Octopus Magazine Russia
Julia from Octopus magazine in Russia rounded out the squad of
international media that traveled a long way to get here

Peter Manz
Peter Manz - one of the foremost live aboard captains in the industry
and operator of several hyperbaric chambers in Indonesia. Peter recently
captained the vessel with Howard & Michele Hall while producing their latest
IMAX film.

PADI Asia Member Party Adex 2008
John Thet, Publisher Scuba Diver Magazine & Shanon Low from PADI
at the PADI members party

PADI Asia Member Party Adex 2008
PADI packed the house

PADI Asia Member Party Adex 2008
Aaron Wong gave away signed prints from his impression collection of
recent underwater fashion images

PADI Asia Member Party Adex 2008
Mikael Jigmo & fashion designer Jeremy Wee

Singapore Night Adex 2008
Singapore at night

Atsuko Wendy Nadine
The Girls: Atsuko (Dive Logic), Wendy (DPG) & Nadine (Miss Indonesia).
No wonder we were so popular hanging out at the clubs in Singapore, we had
the hotties with us!

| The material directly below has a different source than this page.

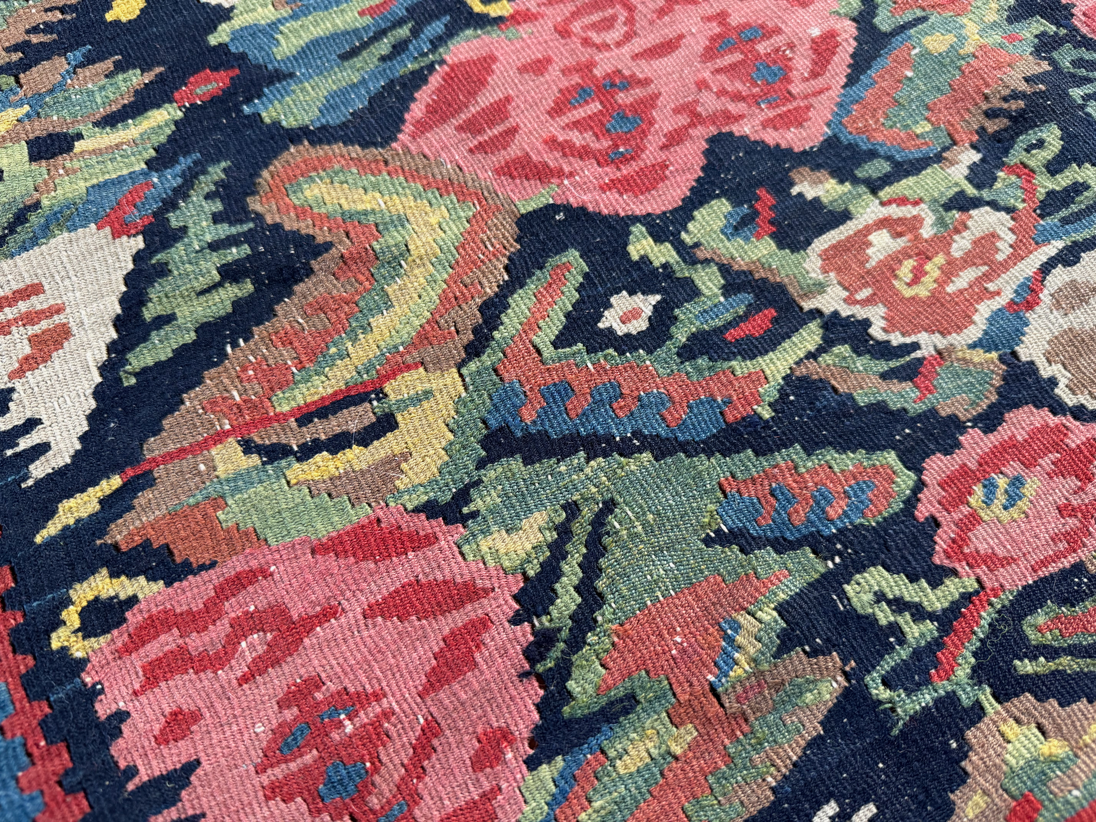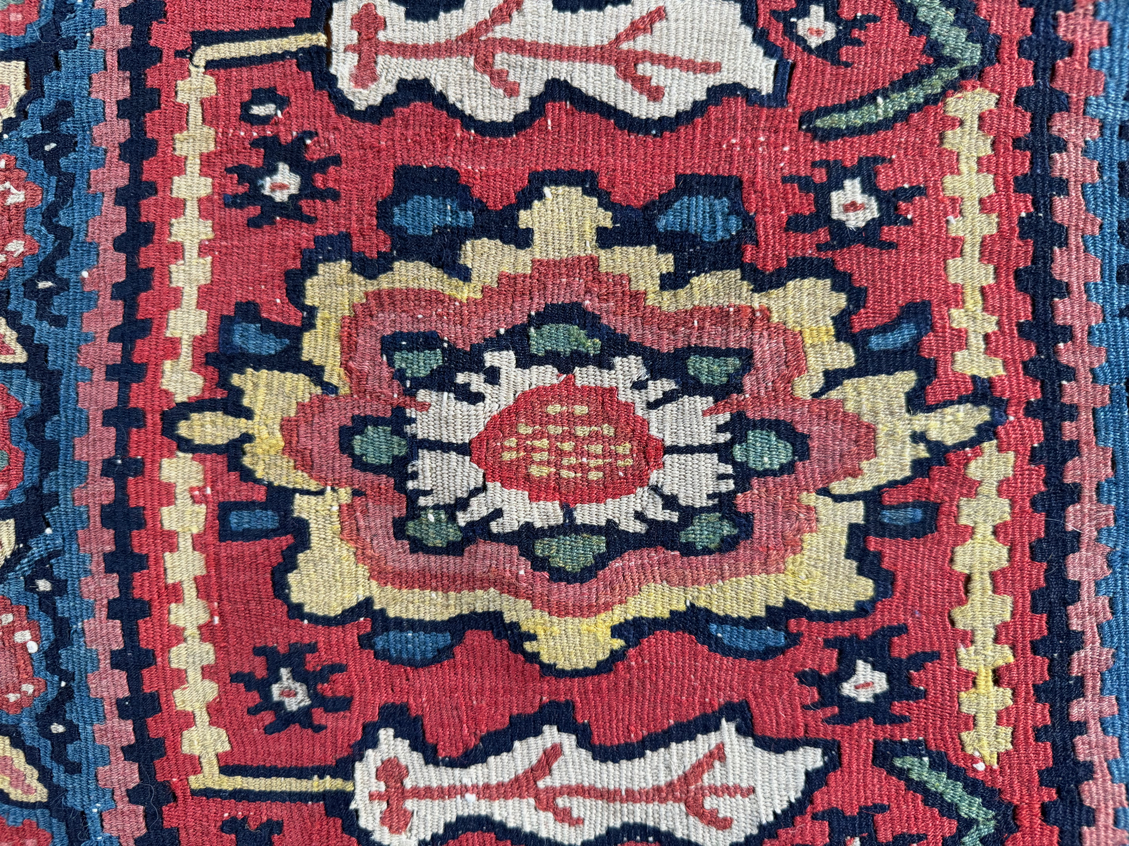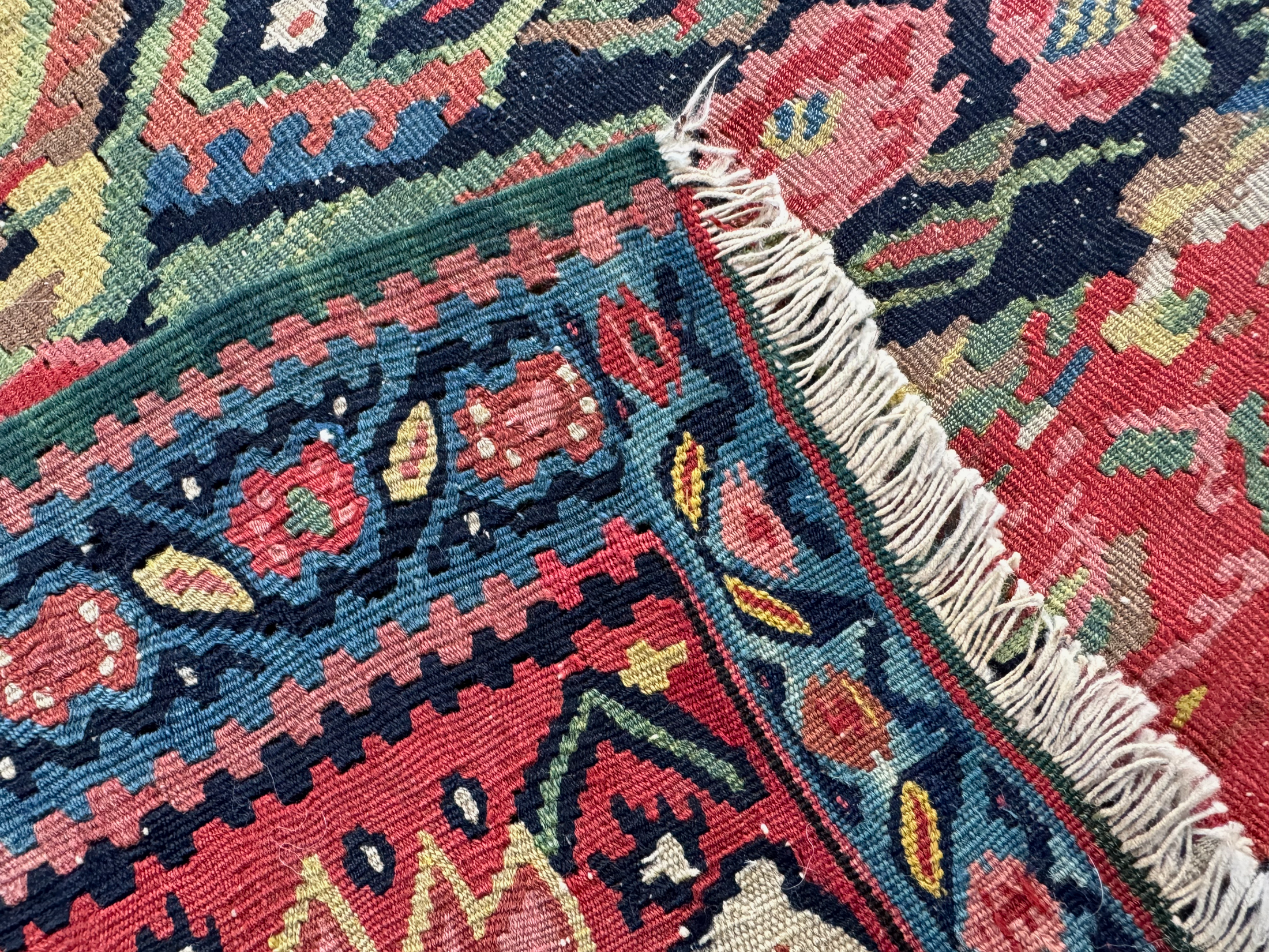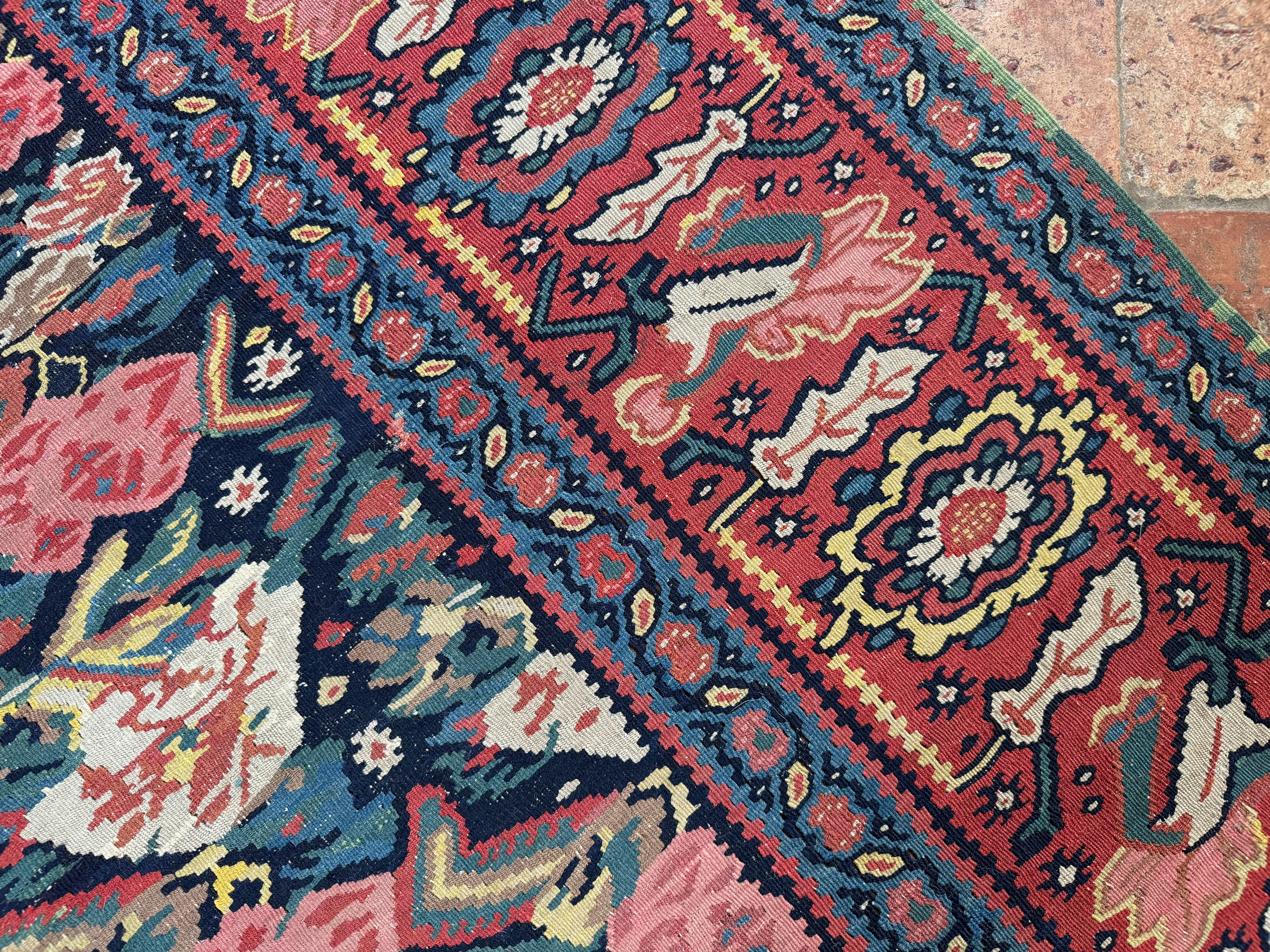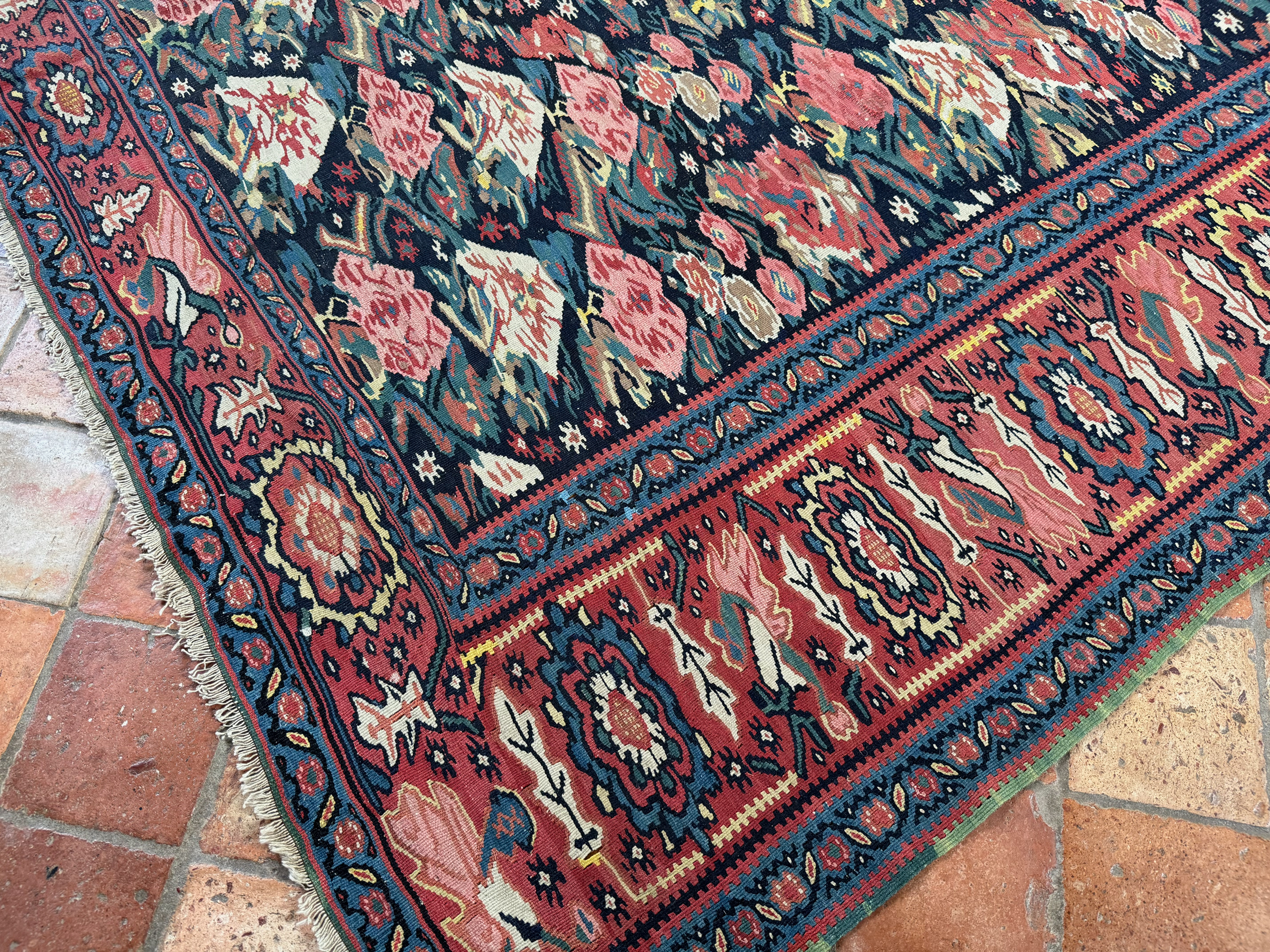 Exceptional condition it has been used on the floor and well looked after. We supply excellent anti-slip underlay to aid kilims, helping them stay flat on the floor. As unlike a wool piled carpet, these flatweaves are very thin and often move around. A beautiful rare kilim, as you never see kilims of this type and age in such amazing order.
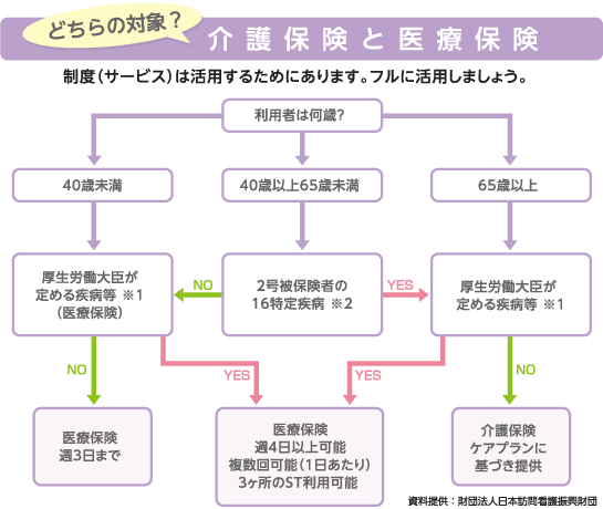 *状態が悪くなり(急性増悪期)、病状が不安定でひんぱんに訪問看護が必要な方は医療保険で訪問看護を利用することがあります。

We spent the night in Attica & then Ministry of Sound

Attica nightclub Singapore
A cool view of the vibe on the dancefloor of Attica

Dinner Adex 2008
Eating Mongolian before heading out to the clubs for the night. I
seriously doubt this was the fare in Mongolia, but it was pretty damn good!
(From Left wrapping to the right...) Joerg (Advisor to the Aceh Peace
Reintegration Board
- how cool!) . Wendy, Jason, Atsuko, Aaron Wong, Justin
Ebert & Sean Heinrichs

Aaron Wong Hoegaarden
Aaron peeks through some Hoegaarden...

Little India
The morning after - soaking up the booze...
One of several rounds of amazing Indian food in little India. So far this was
the best Indian food I have ever had - and you gotta love a place that has
you eating on a banana leaf with your hands. (yeah I know that's a fork in
one hand, it gets difficult sometimes!)

I'll start this section off by stating that we LOVE Singapore. It is one of our favorite cities in the world, and we may be moving there in the next few years. So the following really only acts as a reminder of how engrained shark fin consumption is in Asian culture, and how change is happening but very slowly. As divers and underwater photographers, we witness the ramifications of the decimation of shark populations firsthand, so it really hits home to see such an abundance of fins everywhere. That being said - there is a new awareness (in Singapore at least) of this being a major environmental issue that is causing irreparable damage to the largest and most important ecosystem on our planet. With the local industry coming together to help create awareness in the general market, hopefully we'll see more change over time, but how much time do we have before it's too late? Have we crossed the threshold yet? Nobody knows, unfortunately. All we can do is continue to lobby local governments, and create awareness among consumers. If we can help decrease demand, eventually it will impact those who aim to supply. But my steadfast feeling is that only major government intervention can create the change fast enough, and to date that has seemed moot pretty much all over the world, including in South & Central America where many of the fins are coming from these days.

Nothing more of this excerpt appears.